◆ **Exercise goal**
From the material below, return exactly the lines starting at the one that holds "Denna skateboard av" and ending at the one that holds "李金發(fā)向全體科考隊(duì)員及". Pictures stay out of the answer.

◆ **Data extracts**
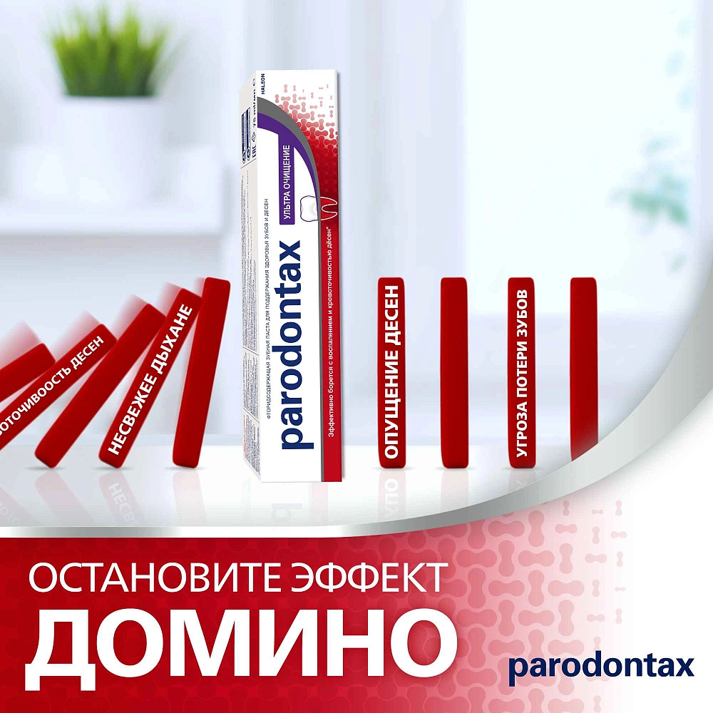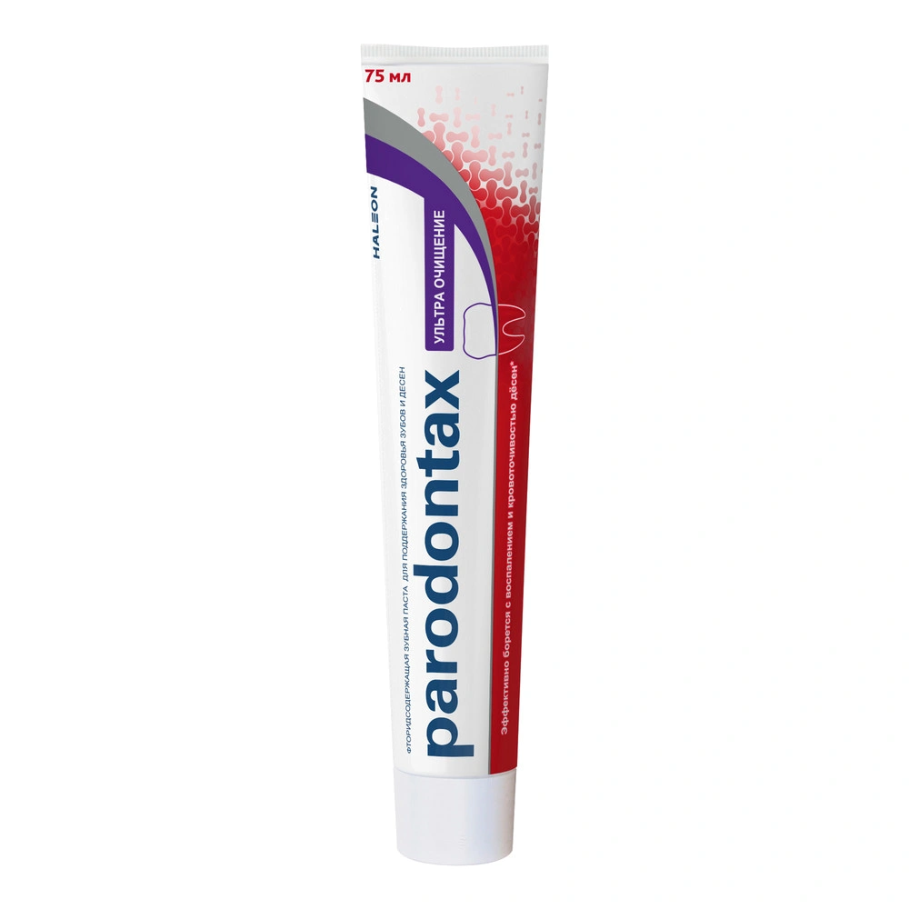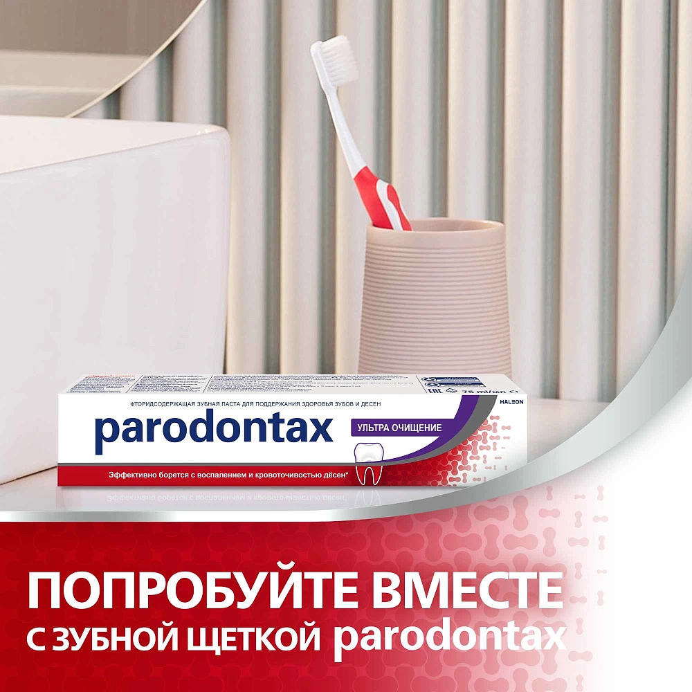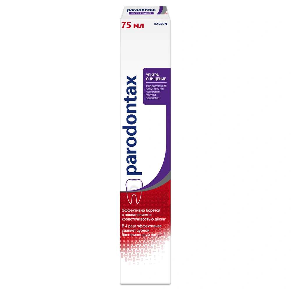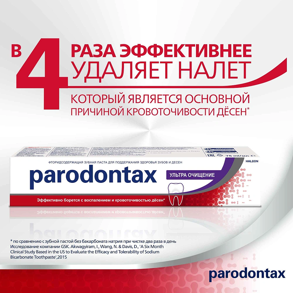 Зубная паста Parodontax Ультра Очищение активно борется с бактериями, вызывающими воспаление и кровоточивость десен, одновременно защищая зубы от кариеса благодаря фтору. Специальная формула обеспечивает тщательное очищение поверхности зубов без повреждения эмали.
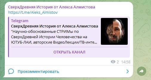 Тож предлагаю, делиться Знаниями ! !!! У меня основные проекты по продвижению ЗНАНИЙ - Космобродилка - https://author.today/post/138500 и Телега : https://author.today/post/727912 - СверхДревняя История от Алекса Алмистова - "Научно-обоснованные СТРИМы по СверхДревней Истории Человечества на ЮТУБ-ЛАИ, авторские ВидеоЛекции/ТВ-интервью и Историко-Фантастические книги (Атлантида Сумрачного Солнца) Алекса А. Алмистова (вопросы и ответы)" - https://t.me/Aleks_Almistov
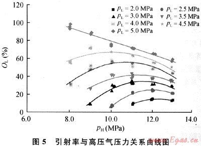 一般來(lái)說(shuō),隨著高壓氣壓力的增加,高壓氣流量增大,相應(yīng)的引射量(低壓氣流量)也增大。但當(dāng)聲。高于某特定值時(shí),隨著高壓氣壓力的進(jìn)一步增大,噴嘴出口的壓力升高,低壓氣的進(jìn)氣壓力與噴嘴出口壓力的壓差減小,從而低壓流體的引射量減少。這表明在天然氣噴射裝置實(shí)際運(yùn)行時(shí),不能靠盲目提高高壓氣的進(jìn)氣壓力來(lái)增大低壓氣流量。
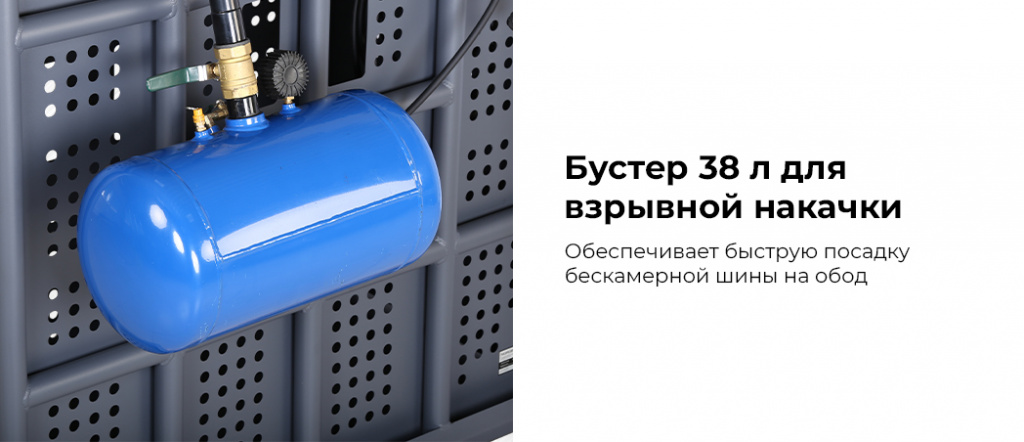 - Устройство для взрывной накачки (бустер) — переносной, крепится сбоку на кронштейнах, легко снимается и может использоваться отдельно. Обеспечивает быструю посадку бескамерной шины на обод;
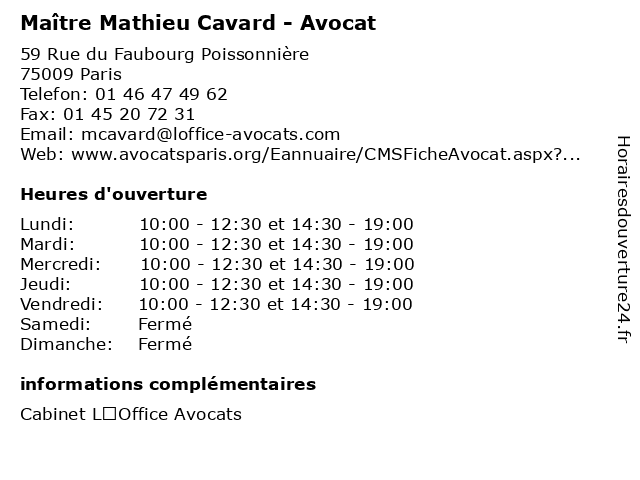 | Lundi | 10:00-12:30 et 14:30-19:00 |
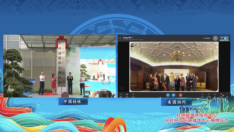 北京时间4月26日上午,桂林国际融媒体中心在广西桂林和美国纽约同步揭牌成立。(图片由主办方提供)
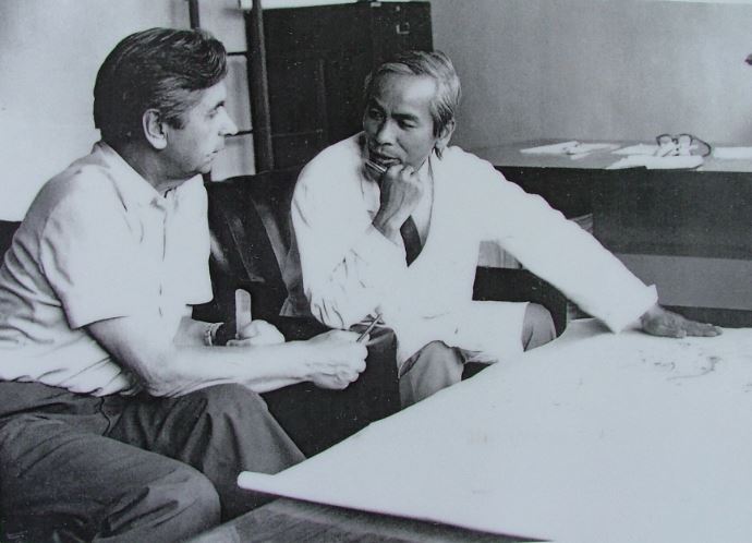 GS. Phạm Duy Hiển (phải) thảo luận với Trưởng đoàn Chuyên gia Liên Xô về kế hoạch triển khai công trình. Ảnh: Viện Nghiên cứu hạt nhân
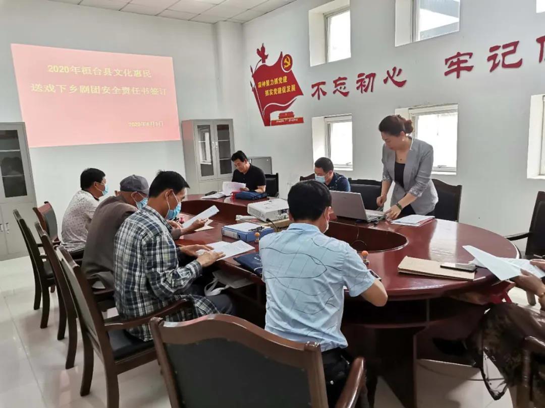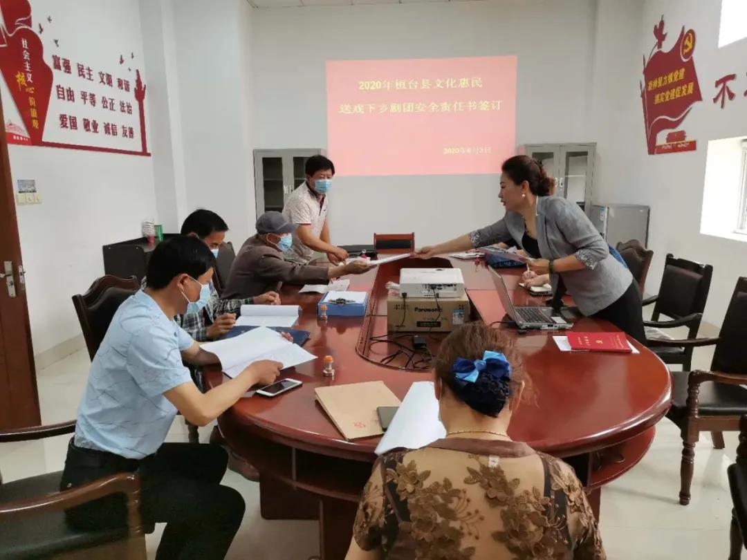 根据淄博市文化和旅游局印发的关于《淄博市送戏下乡文化惠民活动监督考核办法》的通知和《淄博市送戏下乡文化惠民演出活动监督考核办法》为贯彻落实省、市文化和旅游工作会议精神,提升送戏下乡惠民演出服务质量和群众满意度,确保财政补贴资金安全有效,更好地满足群众对文化生活的新需求。桓台县文化馆于2020年6月3日,召开了2020年桓台县文化惠民送戏下乡剧团资质审查会和2020年桓台县文化惠民送戏下乡剧团安全责任书签订。
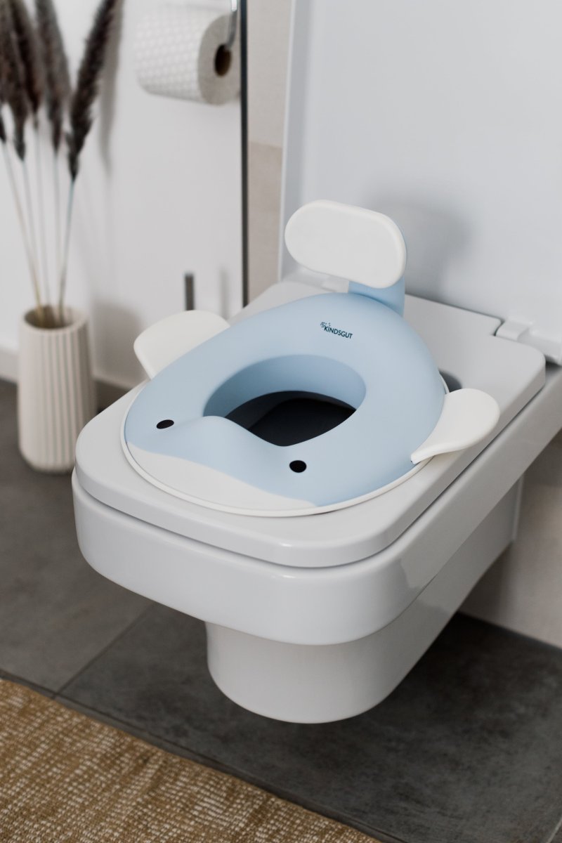 Børnetoiletsædet kan bruges universelt på standard toiletsæder og har en ekstra stænkbeskyttelse og en skridsikker bund.
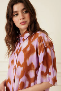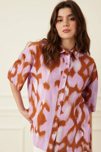 Elevate your wardrobe with our stunning Chloe Blouse. This eye-catching piece features a sophisticated abstract print on luxurious viscose fabric that drapes beautifully against your skin. The oversized, boxy fit offers both comfort and contemporary style, while the classic button-down design ensures versatility for any occasion. Perfect for those who appreciate distinctive fashion with effortless wearability.
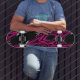 Denna skateboard av hög kvalitet visas med mönster-abstrakt i färg av svart, grått och rosa. Köp som det är eller anpassa det här objektet enligt dina önskemål. Lagrar Image vecteezy.com
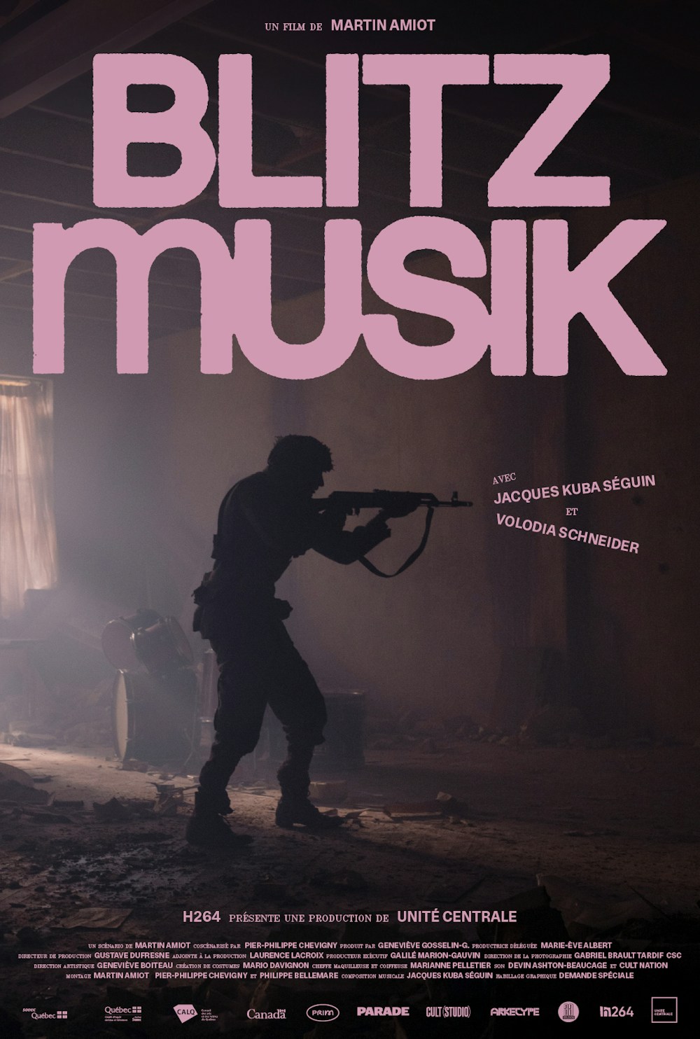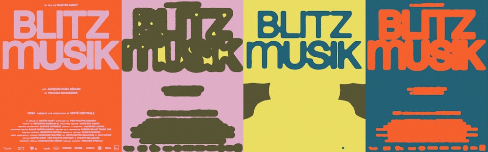 Habillage visuel, animation et affiches pour BLITZMUSIK un film de Martin Amiot produit par Geneviève Gosselin-G. Présenté par h264 distribution produit par Unité Centrale films.
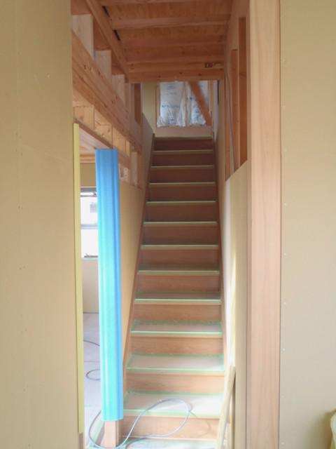 ☆先週の工事☆ 木工事(外壁下地材打ち、壁ボード貼り、窓枠・ドア枠取付 階段造作、他) 外壁工事(サイディング貼り、他) ☆今週の工事☆ 木工事(階段造作、壁ボード及び下地合板貼り、棚類取付 廻し縁取付、他) 外壁工事(サイディング貼り、他)
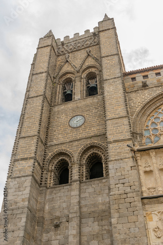 © Outsiderzone, Fototapeta premium Detailed View of Ávila Cathedral's Exterior and Surrounding Streets
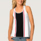 70s Fun Sporty Black Red Racing Stripes On White Tank Top
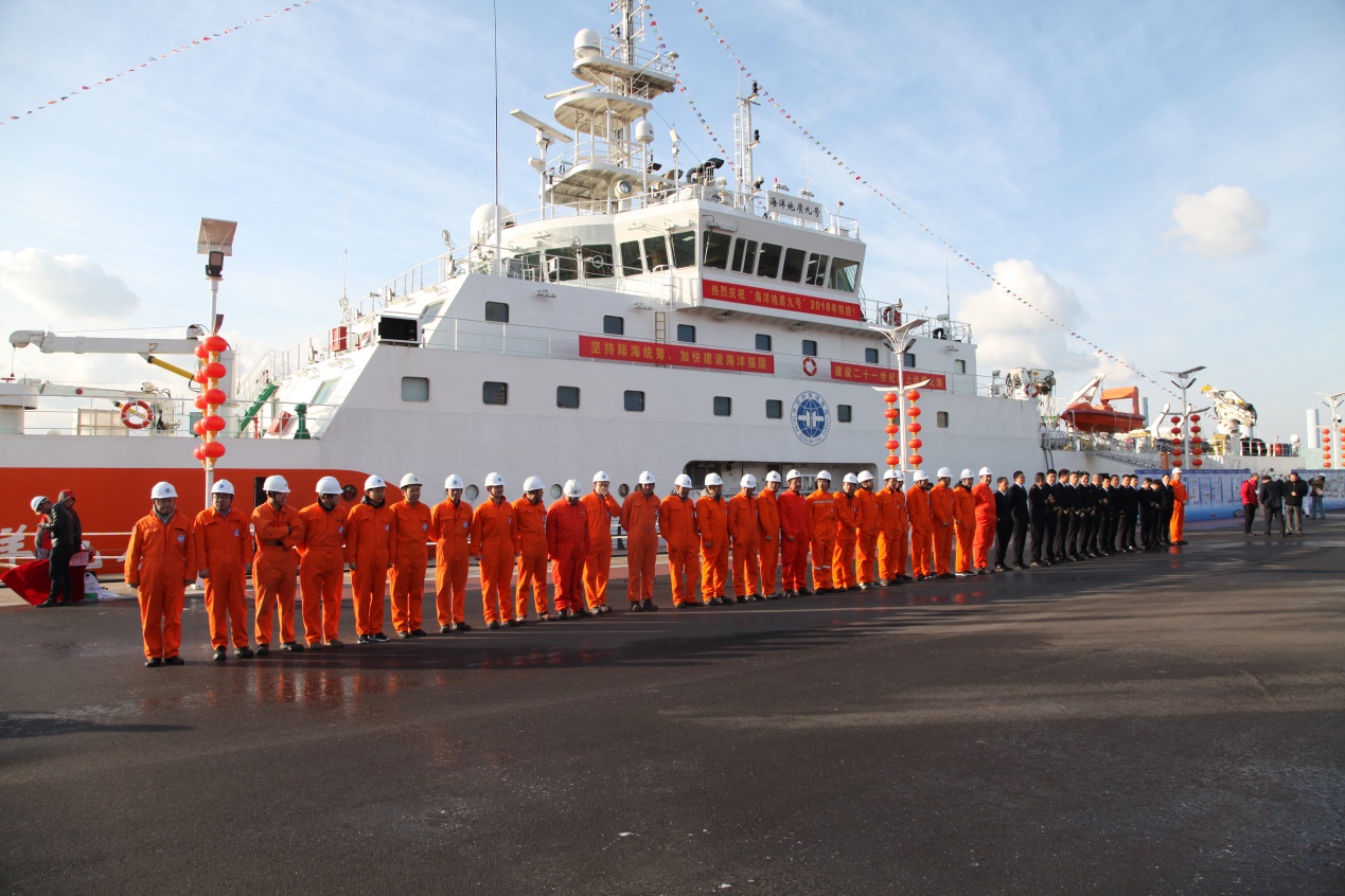 李金發(fā)向全體科考隊(duì)員及家屬致以熱烈的祝賀和誠(chéng)摯的慰問,他指出,“海洋地質(zhì)九號(hào)”入列伊始就肩負(fù)著黨的十九大提出的“加快建設(shè)海洋強(qiáng)國(guó)”的重任,肩負(fù)著自然資源部黨組提出的引領(lǐng)深海探測(cè)國(guó)際科學(xué)前沿的目標(biāo),肩負(fù)著自然資源部中國(guó)地質(zhì)調(diào)查局黨組建設(shè)世界一流新型地質(zhì)調(diào)查局的部署,也肩負(fù)著青島海洋所幾代地質(zhì)調(diào)查工作者的夢(mèng)想。下一階段,要認(rèn)真落實(shí) “一核兩深三系”科技創(chuàng)新戰(zhàn)略,加快實(shí)施局黨組關(guān)于深海探測(cè)的戰(zhàn)略部署,認(rèn)真總結(jié)首年運(yùn)行的經(jīng)驗(yàn),持續(xù)提升船舶管理和運(yùn)營(yíng)水平,不斷創(chuàng)造深海進(jìn)入、深海探測(cè)方面的佳績(jī),為支撐能源、礦產(chǎn)、水和其他戰(zhàn)略資源安全保障,服務(wù)生態(tài)文明建設(shè)和自然資源管理中心工作作出新的更大貢獻(xiàn)。
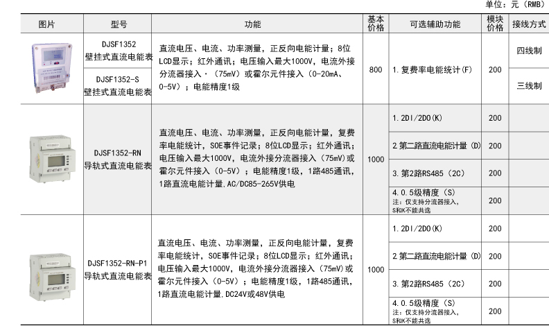 DJSF1352-RN型电子式直流电能表采用液晶显示,具有RS485功能可与微机进行数据交换。产品由测量单元、数据处理单元、通讯单元、显示单元等组成,具有电能测量、数据处理、实时监测等功能。适合充电桩...

◆ **Task answer**
 Denna skateboard av hög kvalitet visas med mönster-abstrakt i färg av svart, grått och rosa. Köp som det är eller anpassa det här objektet enligt dina önskemål. Lagrar Image vecteezy.com
 Habillage visuel, animation et affiches pour BLITZMUSIK un film de Martin Amiot produit par Geneviève Gosselin-G. Présenté par h264 distribution produit par Unité Centrale films.
 ☆先週の工事☆ 木工事(外壁下地材打ち、壁ボード貼り、窓枠・ドア枠取付 階段造作、他) 外壁工事(サイディング貼り、他) ☆今週の工事☆ 木工事(階段造作、壁ボード及び下地合板貼り、棚類取付 廻し縁取付、他) 外壁工事(サイディング貼り、他)
 © Outsiderzone, Fototapeta premium Detailed View of Ávila Cathedral's Exterior and Surrounding Streets
 70s Fun Sporty Black Red Racing Stripes On White Tank Top
 李金發(fā)向全體科考隊(duì)員及家屬致以熱烈的祝賀和誠(chéng)摯的慰問,他指出,“海洋地質(zhì)九號(hào)”入列伊始就肩負(fù)著黨的十九大提出的“加快建設(shè)海洋強(qiáng)國(guó)”的重任,肩負(fù)著自然資源部黨組提出的引領(lǐng)深海探測(cè)國(guó)際科學(xué)前沿的目標(biāo),肩負(fù)著自然資源部中國(guó)地質(zhì)調(diào)查局黨組建設(shè)世界一流新型地質(zhì)調(diào)查局的部署,也肩負(fù)著青島海洋所幾代地質(zhì)調(diào)查工作者的夢(mèng)想。下一階段,要認(rèn)真落實(shí) “一核兩深三系”科技創(chuàng)新戰(zhàn)略,加快實(shí)施局黨組關(guān)于深海探測(cè)的戰(zhàn)略部署,認(rèn)真總結(jié)首年運(yùn)行的經(jīng)驗(yàn),持續(xù)提升船舶管理和運(yùn)營(yíng)水平,不斷創(chuàng)造深海進(jìn)入、深海探測(cè)方面的佳績(jī),為支撐能源、礦產(chǎn)、水和其他戰(zhàn)略資源安全保障,服務(wù)生態(tài)文明建設(shè)和自然資源管理中心工作作出新的更大貢獻(xiàn)。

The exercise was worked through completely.